Image of the Prime Minister’s official residence at 10 Downing Street, taken from Wikimedia Commons.

Of course, such gifts are nothing new, and the perks Labour ministers have accepted pale into insignificance alongside Boris Johnson's Caribbean holiday on the island of Mustique, courtesy of the co-founder of Carphone Warehouse David Ross, and the refurbishment of his Downing Street flat that was paid for by Lord Brownlow. The idea that being in government brings perks way beyond the imagination of most working people seems to be widely accepted, at least among politicians themselves.

However, there is an issue about the gap that this creates between the Government and those it governs and represents. Another concern is the fact that the gift-givers might expect something in return - such as a blue light escort through the capital or favourable deals and contracts.
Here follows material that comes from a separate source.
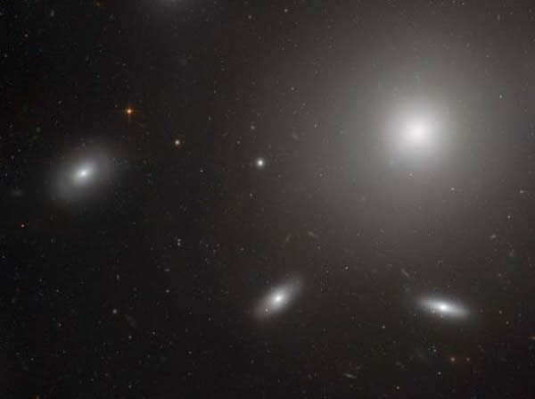 照片由美国宇航局/欧洲航天局的哈勃太空望远镜拍摄,9月19日对外公布,展现了后发座星系团。星系团中的星系好似萤火虫一样舞动。右上部最明亮的星系是NGC 4874,这是一个巨型椭圆星系,体积是银河系的10倍左右。NGC 4874引力极大,天文学家最近发现强大的引力允许这个星系“扣留”一大群球状星团和一些矮星系。

Corruption is not a new problem in Britain. As long ago as 1701, a pamphlet was published entitled: The Corruption and Impiety of the Common Members of the Late House of Commons. Its author claimed that the government had fallen into decay and observed that even those candidates who before being elected had insisted that they would be 'True-Representatives of the People' - once in office 'have done nothing worthy of the Name of Englishmen' (The Corruption and Impiety of the Common Members of the Late House of Commons. London, 1701).
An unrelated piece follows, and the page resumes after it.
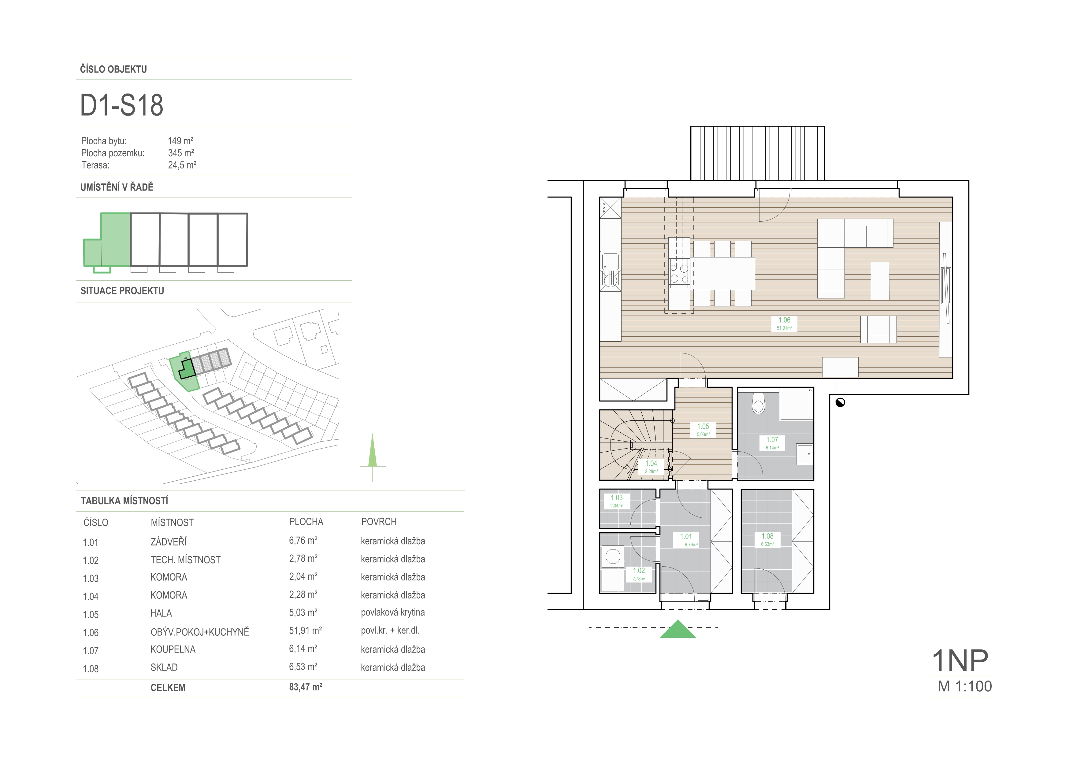 | 1.06 | obývací pokoj + kuchyně | 51,91 | povl. kr. + ker. dl. |

While what was meant by corruption in the eighteenth century was not necessarily the same as what is meant by it now, understanding how the term was used then and why it was a cause for concern, might illuminate the issues under debate today.
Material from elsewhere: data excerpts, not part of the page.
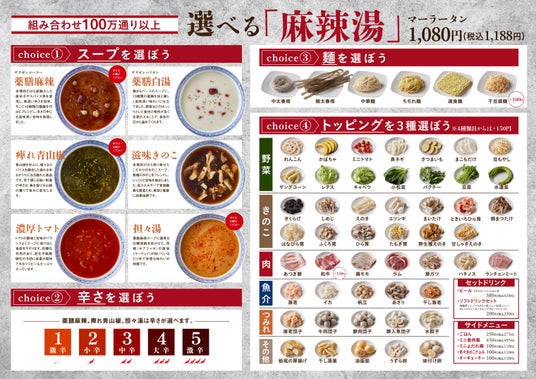 【組み合わせは100万通り以上】選べる麻辣湯スープ6種×麺6種×トッピング49種から自分好みの麻辣湯が池袋駅直結のルミネ池袋8Fでお手軽に楽しめます。3月10日(月)~
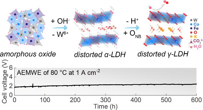 李广社教授和李莉萍教授团队通过高氧化态掺杂策略,合成了一种W6+掺杂的Co-Fe非晶氧化物,实现了活性和稳定性的双重优化。W6+的引入使结构非晶化,引起电荷再分布,并改变了键合性质。这导致催化剂在工况下发生自发和电化学体相重构,完全演变为活性的γ-层状双金属氢氧化物结构。重构过程中,Co和Fe位点产生了局部结构的不均匀性,在电场作用下产生活性的非键氧态,触发晶格氧机理,降低了反应起始电位,实现了Co3+催化的析氧反应。随着电位的进一步提升,反应机理发生转变,由低电位下的晶格氧机理转变为高电位下的吸附演化机理。这一电位依赖性的机理转变使催化剂在阴离子交换膜水电解槽中以1.69V的槽压实现1000mA cm-2的电流密度并至少稳定运行600h。
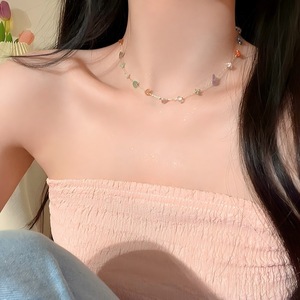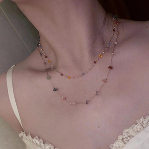 「Meet the Rainbow」ドーパミンカラフルなスクエアストーンネックレス、夏の甘くて絶妙で多用途な積み重ね可能な鎖骨チェーン

Image depicting Aristotle. Taken from Wikimedia Commons.

In the late seventeenth and early eighteenth centuries, concern about the problem of corruption was grounded in the understanding that the British constitution required that the three elements of the system - Crown, Lords, and Commons - needed to be balanced with and against each other, so as to ensure that the whole would operate in the interests of the public good. The notion of balance in government was based on ancient ideas: Aristotle's assessment of the advantages and disadvantages of the rule of the one, the few, and the many; and Polybius's suggestion that a mixed government comprising all three could secure the advantages of each without their disadvantages. This understanding of mixed or balanced government - and of the English parliamentary system as an embodiment of it - was voiced by many on the parliamentarian side during the mid-seventeenth-century Civil Wars. More interesting is the fact that in 1642 it was used by the writers of His Majesties Answer to the Nineteen Proposition to counter the demands made of the King in those Propositions:

There being three kinds of government among men (absolute monarchy, aristocracy,

and democracy), and all these having their particular conveniences and

inconveniences, the experience and wisdom of your ancestors has so moulded this

out of a mixture of these as to give this kingdom (as far as human prudence can

provide) the conveniences of all three, without the inconveniences of any one, as

long as the balance hangs even between the three states (His Majesties Answer to the

Nineteen Proposition, London, 1642).

The pamphlet went on to argue that the demands being made by Parliament in The Nineteen Propositions - such as the requirement that all officers and counsellors be approved by Parliament - if adopted, would disrupt the balance by shifting power from the King to the Commons.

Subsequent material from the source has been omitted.